Although we did not want to force scientists to encode extensive complex interpretations into a structured form, there was a need to identify and capture the important components of any assertion. Thus, a second class of concepts within the workbench were created, known as ‘objects’. An object represents a single biomedical entity such as a gene, protein, target, drug, disease, cellular process and so on. Software developed on the Targetpedia project allowed us to load sets of known entities from source databases and vocabularies into the system, in bulk. By themselves, these objects are ‘inert’, but they come alive when semantically tied to assertions. For instance, for the hypothesis ‘Altered monocyte cytokine release contributes to immunosuppression in sepsis’, one can attach the entities involved such as monocyte cells and specific cytokine proteins. This ‘semantic tagging’ builds up comprehensive relationships between pathophysiology and the cellular and molecular components that underlie these effects. They also enable the identification of shared biology. For instance, the wiki can store all known molecular pathways as observations; assigning all of the protein members to it via semantic tagging. Then, as authors of other assertions tag their pages with the principle proteins involved, an ASK query can automatically identify relevant pathways and present them on the page without any need for user intervention. This can be extended to show all assertions in the system that are semantically tagged with proteins in any shared pathway, regardless of what disease areas they describe. This aids the identification of common pathways and potential synergies across projects.

17.2.3 The product and user experience

To allow Pfizer scientists to fully describe and present their hypotheses and summaries, the assertions within the system are a mix of structured data (Table 17.2, semantic tagging) and free-form text and images. The semantic forms extension [38] provided a powerful and elegant mechanism to structure this data entry. Figure 17.8 shows how an assertion is created or edited.

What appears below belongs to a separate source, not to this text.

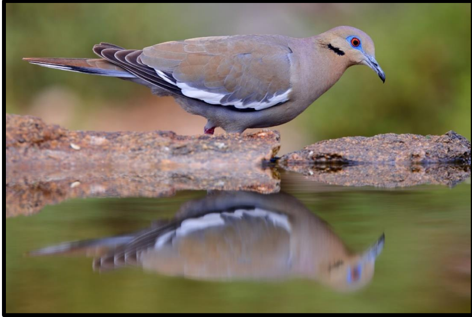
Figure 14 A white-winged dove makes a gorgeous image at the reflection pool where you will be each morning.

Figure 17.8 The Semantic Form for creating a new assertion. Note, the free-text entry area (under ‘Main Document Text’) has been truncated for the figure

The top of the edit form contains a number of drop-down menus (dynamically built from vocabularies in the system) to enable users to rapidly set the main properties for an assertion. Below this is the main wiki-text editing area, using the FCKEditor plug-in that enables users to work in a word-processor like mode without needing to learn the wiki markup language. Next is the semantic tagging area, where assertions can be associated with the objects of interest. Here, the excellent auto-complete mechanism that suggests as one types is employed, allowing the user to more easily enter the correct terms from supported vocabularies. The user must enter the nature of the association (‘Link’ on the figure), chosen from a drop-down menu. One of the most common links is ‘Has Actor’, meaning that the assertion is associated with a molecular entity that plays an active role within it. Finally, additional figures and references can be added using the controls at the bottom of the page.

Once the user has finished editing, the page is rendered into a user-friendly viewing format via a wiki template, as shown in Figure 17.9(a). As can be seen in Figure 17.9(b), the system renders semantic tags (in this case showing that CD4 + T-cells have been associated with the assertion). In addition, via an ASK query, connections to other assertions in the system are identified and dynamically inserted at the bottom of the page, in this case identifying two child observations that already exist in the system.

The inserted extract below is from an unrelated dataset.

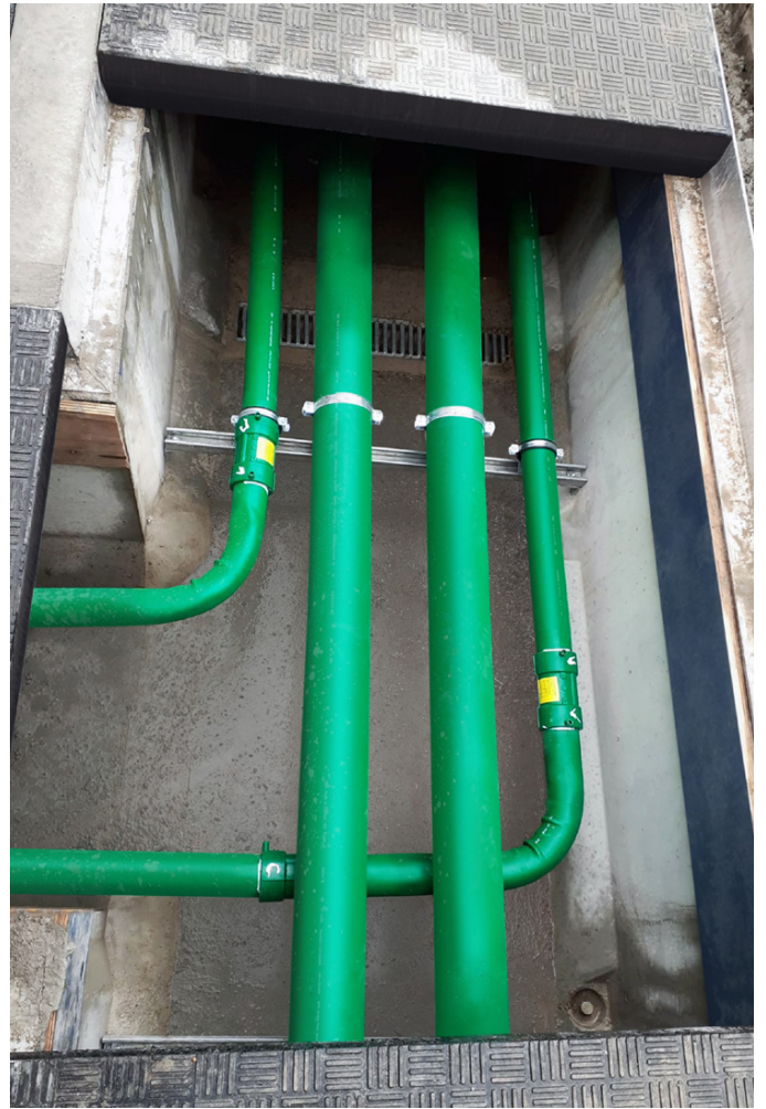
Quick access to piping is vital for maintenance and inspection

Hilton Bodill Construction contacted Fibrelite on behalf of their client, Nottingham City Hospital, who required a lightweight and strong modular covering system for their newly re-routed service trench, which replaced the traditional heavy concrete slabs. These protect and provide access to the hospital's backup diesel generators supply pipes (diesel and oxygen). An easy-install, corrosion-free replacement for their previously existing steel piping was also required.

Figure 17.9 (a) An assertion page as seen after editing. (b) A semantic tag and automatic identification of related assertions

All assertions are created as part of a ‘project’, normally focused on a disease of interest. In some cases disease knowledge was retrospectively entered into the system from legacy documents and notes and subsequently further expanded. New projects were initiated directly in the wiki, following discussions on the major elements of the disease by the scientist.

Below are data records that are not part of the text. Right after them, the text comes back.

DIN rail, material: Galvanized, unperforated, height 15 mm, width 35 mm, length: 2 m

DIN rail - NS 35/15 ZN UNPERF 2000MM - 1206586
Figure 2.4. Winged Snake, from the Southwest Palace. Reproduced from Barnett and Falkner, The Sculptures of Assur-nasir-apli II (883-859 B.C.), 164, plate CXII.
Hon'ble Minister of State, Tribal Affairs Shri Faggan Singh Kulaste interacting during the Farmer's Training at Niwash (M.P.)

From the main project page (Figure 17.10), one can get an overview of the disease, its pathogenesis and progression, diagnosis and prevalence, standard care and market potential, as well as key disease mechanisms. The assertions listed at the bottom of this page (Figure 17.10(b) ) are divided into three sections: (1) ‘top level disease mechanism’ (i.e. those directly linked to the page); (2) ‘all other disease mechanisms below the top level’ (i.e. those which are children of parent associations in (1)); and (3) ‘non-disease mechanism assertions such as target/pathway or therapeutic intervention’. One can drill into one of the assertion pages and from there navigate back to the project main page or any parent or child assertion pages using the semantic network hyperlinks. In this way the workbench is not only useful as a way to capture disease knowledge but also provides a platform to present learning on diseases and pathways to project teams across the company. As individual targets and diseases are semantically indexed on the pages, one can explore the knowledge base in many ways and move freely from one project to another.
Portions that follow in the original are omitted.